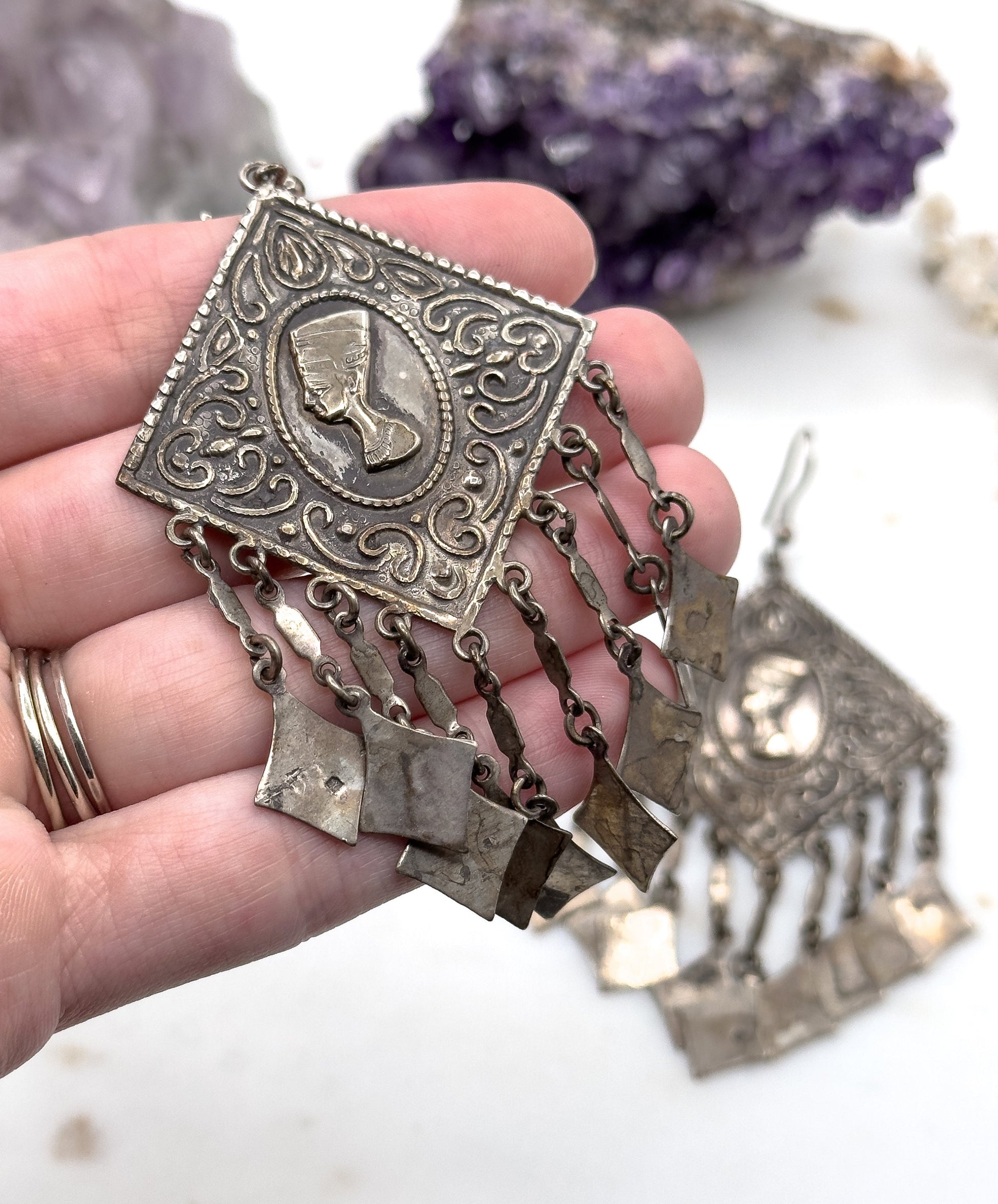 Here is a rare and awesome pair of authentic Vintage Egyptian revival earrings in silver from Egypt. These earrings are a huge and substantial vintage pair from the 1970s. Each earring features a diamond-shaped plaque with a fringe waterfall of smaller silver diamond-shaped drops. In the center of the earring is a bust of Queen Nefertiti in profile. In the late 1970s, the “Treasures of Tutankhamun” exhibition toured America, resulting in a huge wave of retro Egyptian revival jewelry and fashion. These souvenir-style earrings were made around that time. These earrings are from Egypt and have Egyptian silver hallmarks. A truly fantastic vintage pair that is ready to wear, gift, or collect.
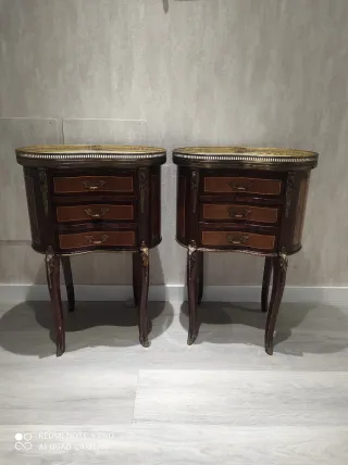 Para amantes de antiguedades. Dos mesitas de noche antiguo, de Luis XV diseño ovalado con patas curvas y detalles dorados. - Encimera de mármol. - Cuerpo de madera con incrustaciones. - Tiradores ornamentados. El precio es de unidad.
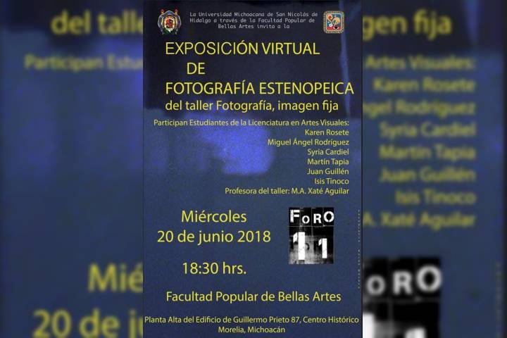 La Facultad Popular de Bellas Artes de la Universidad Michoacana de San Nicolás de Hidalgo, invita a la comunidad nicolaita y público en general a la exposición virtual de "FotografÃa estenopeica del Taller de fotografÃa, imagen fija".
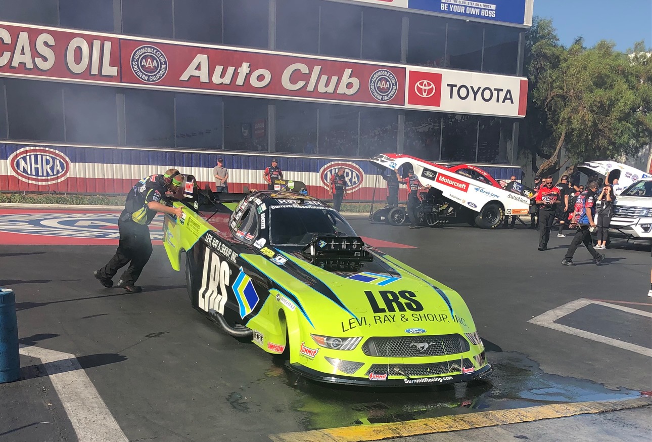 the NHRA Camping World Drag Racing Series competitors. After two days of qualifying, race day began with teams getting their first runs on a track that started out twenty degrees cooler than anything they had seen at the event. The Levi, Ray & Shoup Summit Racing Ford Funny Car team was dealt another setback when a number of Top Fuel dragsters and nitro Funny Cars suffered motor failures that led to lengthy oildown delays. By the time Wilkerson was strapped into his cockpit, the majority of the tuning decisions were made and the track temperatures continued to rise.
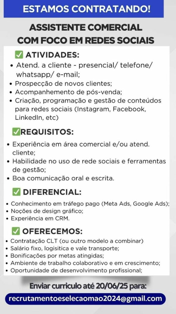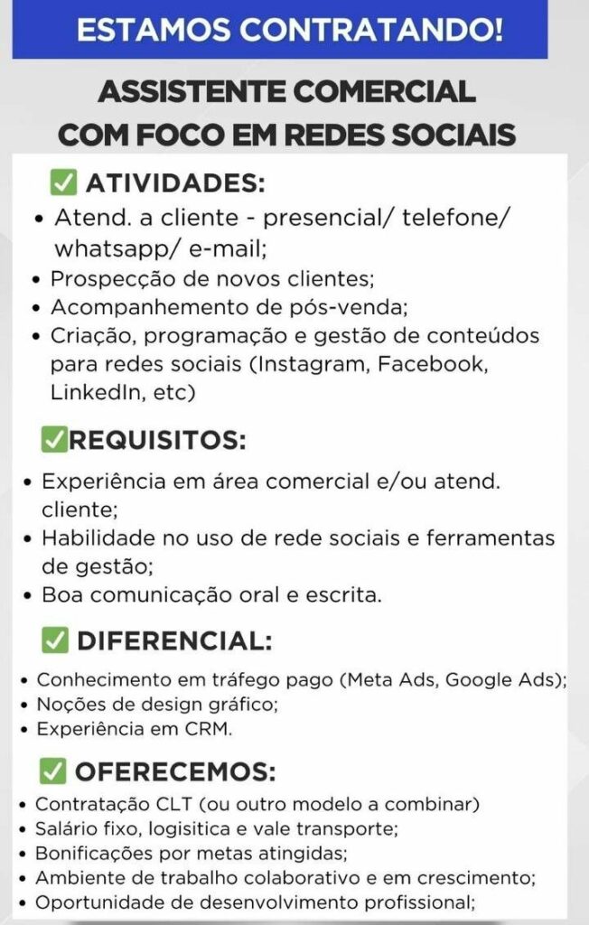 Empresa está selecionando Assistente comercial; Envie seu currículo!
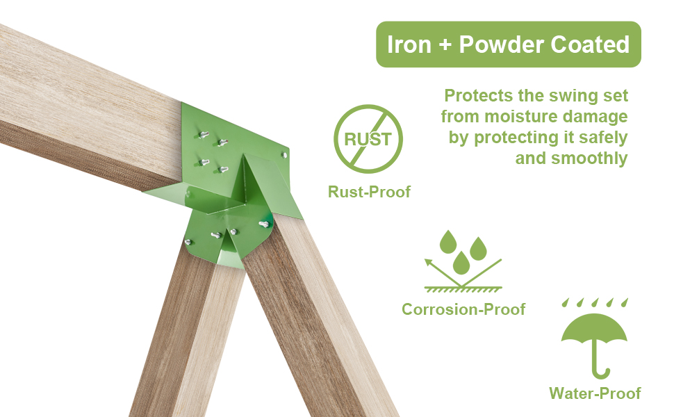 【A-Frame Construction 】The swing set bracket is constructed with heavy-duty iron and finished in a power-coated green color. It is effectively corrosion-proof, rust-proof, and water-proof to be durability in strenuous weather conditions.

--- EXERCISE INSTRUCTIONS ---
Each line above is to be repeated exactly as written; no picture is carried over.

--- REPLY TO THE TASK ---
 Here is a rare and awesome pair of authentic Vintage Egyptian revival earrings in silver from Egypt. These earrings are a huge and substantial vintage pair from the 1970s. Each earring features a diamond-shaped plaque with a fringe waterfall of smaller silver diamond-shaped drops. In the center of the earring is a bust of Queen Nefertiti in profile. In the late 1970s, the “Treasures of Tutankhamun” exhibition toured America, resulting in a huge wave of retro Egyptian revival jewelry and fashion. These souvenir-style earrings were made around that time. These earrings are from Egypt and have Egyptian silver hallmarks. A truly fantastic vintage pair that is ready to wear, gift, or collect.
 Para amantes de antiguedades. Dos mesitas de noche antiguo, de Luis XV diseño ovalado con patas curvas y detalles dorados. - Encimera de mármol. - Cuerpo de madera con incrustaciones. - Tiradores ornamentados. El precio es de unidad.
 La Facultad Popular de Bellas Artes de la Universidad Michoacana de San Nicolás de Hidalgo, invita a la comunidad nicolaita y público en general a la exposición virtual de "FotografÃa estenopeica del Taller de fotografÃa, imagen fija".
 the NHRA Camping World Drag Racing Series competitors. After two days of qualifying, race day began with teams getting their first runs on a track that started out twenty degrees cooler than anything they had seen at the event. The Levi, Ray & Shoup Summit Racing Ford Funny Car team was dealt another setback when a number of Top Fuel dragsters and nitro Funny Cars suffered motor failures that led to lengthy oildown delays. By the time Wilkerson was strapped into his cockpit, the majority of the tuning decisions were made and the track temperatures continued to rise.
 Empresa está selecionando Assistente comercial; Envie seu currículo!
 【A-Frame Construction 】The swing set bracket is constructed with heavy-duty iron and finished in a power-coated green color. It is effectively corrosion-proof, rust-proof, and water-proof to be durability in strenuous weather conditions.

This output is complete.